Back on track, however, I have been considering a more concentrated blog about the reckless waste inflicted by EPA on the American taxpayer and consumer since the enactment of CERCLA in 1980. It would be an insider’s perspective with ample examples (intentional word play there). I have refrained until now because until this past January, I was still representing clients in that regulatory arena and couldn’t risk it. Now however, I am one of those lying, untrustworthy, evil, polluting, “frackers”.(Those who know my comments also know how hard it is for me to write it that way). Now that I don’t deal with CERCLA any longer, and before I lose my insider’s edge I might begin that blog now.
Cheerio.
Tom
I find it strange that within the study of and use of statistics, for the purpose of analyzing a dataset, that we do not have an agreed methodology.

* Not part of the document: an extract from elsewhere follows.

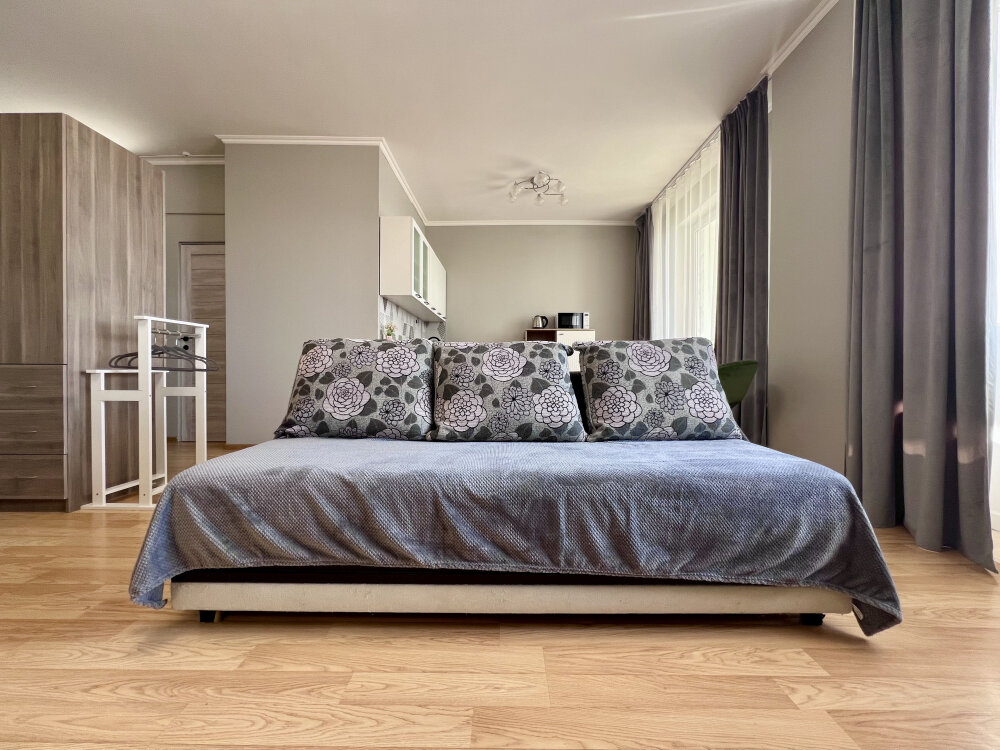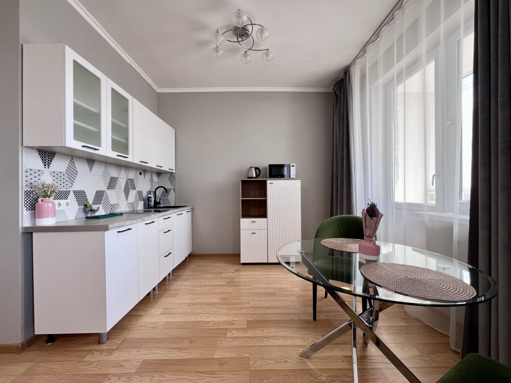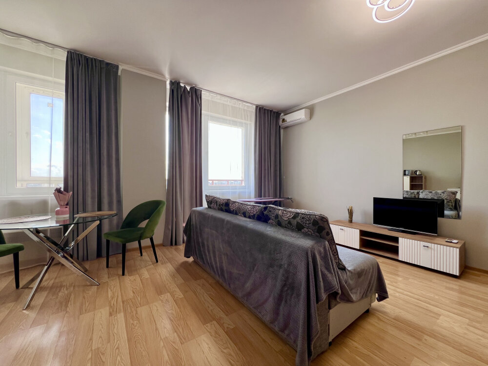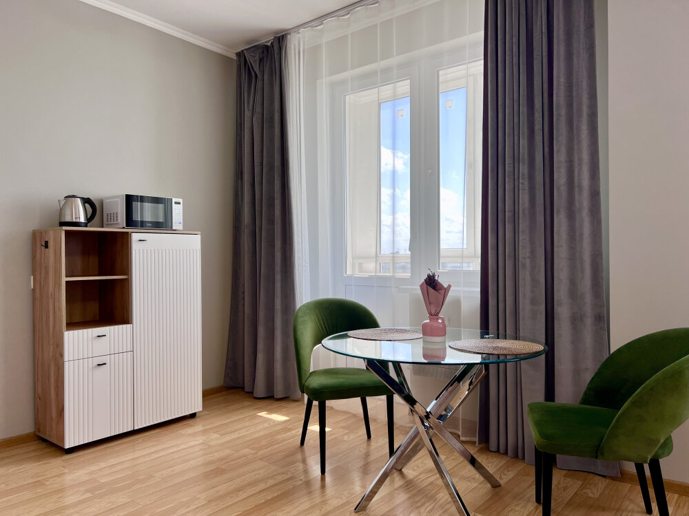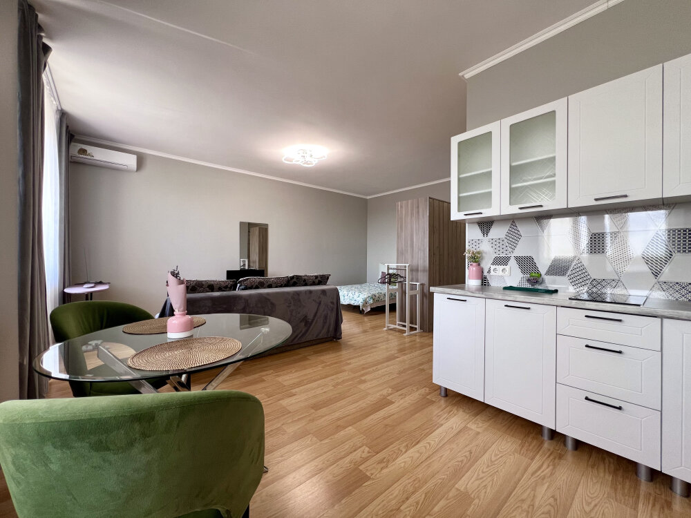 Дорогие клиенты, доброго времени суток. Представляем Вашему вниманию чистую и уютную 1-к квартиру (студию) в центре Фестивального микрорайона. Открытая парковка, где удобно и безопасно оставить машину (места всегда есть). Если Вы путешествуете с детьми, то они смогут весело провести время на оборудованной детской площадке. В шаговой доступности: остановки общественного транспорта, продуктовые магазины, кафе, банки, аптеки, стоматологические клиники, «Табрис», Implant clinic, Dental Vision и многое другое, «Патрик и Мари» в соседнем доме.

Not being versed in stats, I can not comment well, however, there are many parallels with other professions which I do work within: software and hardware design.
In both of these skill areas, a number of competed paradigms can be used, some favorites become displaced by ‘new kids on the block’ for clear and understandable reasons, they do a better job at achieving your intended outcome.
By now I would have expected, perhaps half a dozen or so, methods or techniques would be vying to be ‘the best’ way to analyse time series datasets.
However, we have endless, heated debate, not about which method, but how to implement a method for what is ‘standard data’.
Is it not possible to expect a few good statisticians to get together and hammer out a few strong methods that people could agree on because they will be able to ‘see’ the value of each method?
Or am I misunderstanding the maturity level of applied statistics today?
As an ex software engineer/hardware designer I would like to be able to find the most appropriate method to use to find a trend in time series data.
It is disconcerting that I can not.
TonG(ologist) says: October 3, 2013 at 8:32 pm
Back on track, however, I have been considering a more concentrated blog about the reckless waste inflicted by EPA on the American taxpayer and consumer since the enactment of CERCLA in 1980. …… Now that I don’t deal with CERCLA any longer, and before I lose my insider’s edge I might begin that blog now.
Anything which brings a public focus onto the regulatory monster that the EPA has become would be a wonderful thing.